Alphen,
Netherlands. 11 August. It seems apt in this year of all years, the
bicentennial of the Battle of Waterloo, to quote Charles Maurice de
Talleyrand-Perigord. Talleyrand was one-time French royalist, one-time Napoleon’s
foreign minister, one-time French ambassador to London and perhaps the most
skilled and cynical diplomat at the 1815 Congress of Vienna. Talleyrand famously
said that one is, “….never as far away from the target, as when you do not know
where you’re going”. Were he around
today he would probably have said the same about Europe in a world awash with
dangerous change. Critically, whatever the mutual irritations and at times
contempt London and Paris feel for each other the two old Powers must uphold together
Realist strategic principles of power and influence.
It will not be
easy. Indeed, all the ingredients exist for one of those tetchy and difficult
periods in Franco-British relations which come along as regularly as the Bateaux Mouches on the summer Seine. The
Calais migrant crisis has once again opened up various fissures and the
hackneyed clichés of mistrust into which the relationship still has a
propensity to tumble. Such tensions are exacerbated by the contrasting politics
of the two countries. Britain is led by
a Conservative administration committed (or so it claims) to austerity. France
is led by a Socialist administration committed to precisely the opposite. Worse, Francois Hollande and David Cameron
simply do not like each other. Consequently, the last Franco-British ‘summit’

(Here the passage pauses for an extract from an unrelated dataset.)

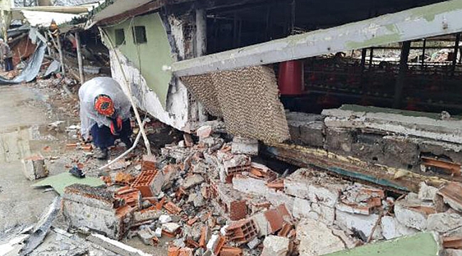 Dün yapılan çalışmalarda 30 binden fazla civciv kurtarıldı. Mahsur kalan civcivleri kurtarmak için iş makinesi ile enkaz kaldırılırken, çiftlik çalışanları da çevrede canlı kalan civcivleri kafeslere topluyor.

was reduced to a rather forced photo op in an Oxfordshire pub – the inebriate discussing
indifferently the irrelevant?
Furthermore, on
the face of it at least London and Paris take very different views about the
future direction of the EU. President
Hollande is pushing Germany hard to introduce Eurobonds and with them the mutualisation
of Eurozone debt. Such a step would necessarily drive deeper Eurozone
integration and with the further marginalisation of Britain within the EU. With
a Brexit vote just around a corner France seems to show no signs of yielding to
any of Cameron’s calls for EU reform. Worse, at least some of Hollandes’
closest allies seem to actively welcome the prospect of a British EU exit, even
though it is hard to see how such a departure is in France’s best strategic
interest. Indeed, even if Britain does depart an unreformed EU somehow the strategic
partnership with France will need to be protected from the inevitable political
fall-out.
There are some
limited grounds for optimism. Behind all the Euro-speak power still courses
through the veins of the European body politic in much the same way Talleyrand
would have understood and indeed made use of. For all France’s pretentions to
want ‘ever closer political union’ the French people have no great desire to
see French distinctiveness subsumed by some all-subsuming European
super-state. Moreover, whilst
contemporary Germany sees itself (and by and large acts) as a community
champion Berlin’s economic power now dwarfs that of France. Consequently, the
original idea of the Single Currency as a framework within which to embed and
thus constrain a re-united Germany has failed from a French policy perspective. Even Berlin sees the Franco-British strategic
relationship as an essential counterweight to its own power and thus crucial to
a legitimate European political balance.
Specifically, the
need to underpin ‘European’ influence with hard, credible twenty-first century
military power remains the strongest imperative for London and Paris to
maintain a close strategic relationship. France dresses up such initiatives as
the Common Joint Expeditionary Force (CJEF) as a vital step on the road to what
General de Gaulle once called the “third force”. Britain inevitably sees such
initiatives as a vital component in a stronger US-friendly European pillar of
NATO. Whatever the political packaging the pressing strategic need for
Europeans to engage more effectively in major, complex crisis prevention and
management is undoubted. And, such
influence will only happen with Britain and France together at the core of much-needed
European strategic renovation. That was the goal of the 1998 St Malo
Declaration and the 2010 Franco-British Security and Defence Treaty but due to ‘distractions’
has not happened.
Talleyrand once said
that the “…art of statesmanship was to foresee the inevitable and to expedite
its occurrence”. If those charged with
power in both London and Paris properly understand the scale of change underway
and agree where they need to go they will also recognise that for all the
differences of style and emphasis Britain and France will and must remain strategic
partners. Ironically, this is something Talleyrand himself believed.
Therefore, it
falls to London and Paris to act together to drive forward a distinctly
European big picture understanding of the nature and scale of the momentous
change that is underway. Indeed, with illiberal
power challenging liberal power in many domains Britain and France must act as
the strategic conscience of Europe. Fail and all the current focus with the internal
structure of the EU will soon come to seem like misplaced and irrelevant
self-obsession.
Britain and France
somehow have to hang together for if not they will each hang separately and the
rest of Europe with them. To paraphrase
Talleyrand; strategy is far too serious a business to be left to the
politicians but it is to the politicians that strategy is ultimately left.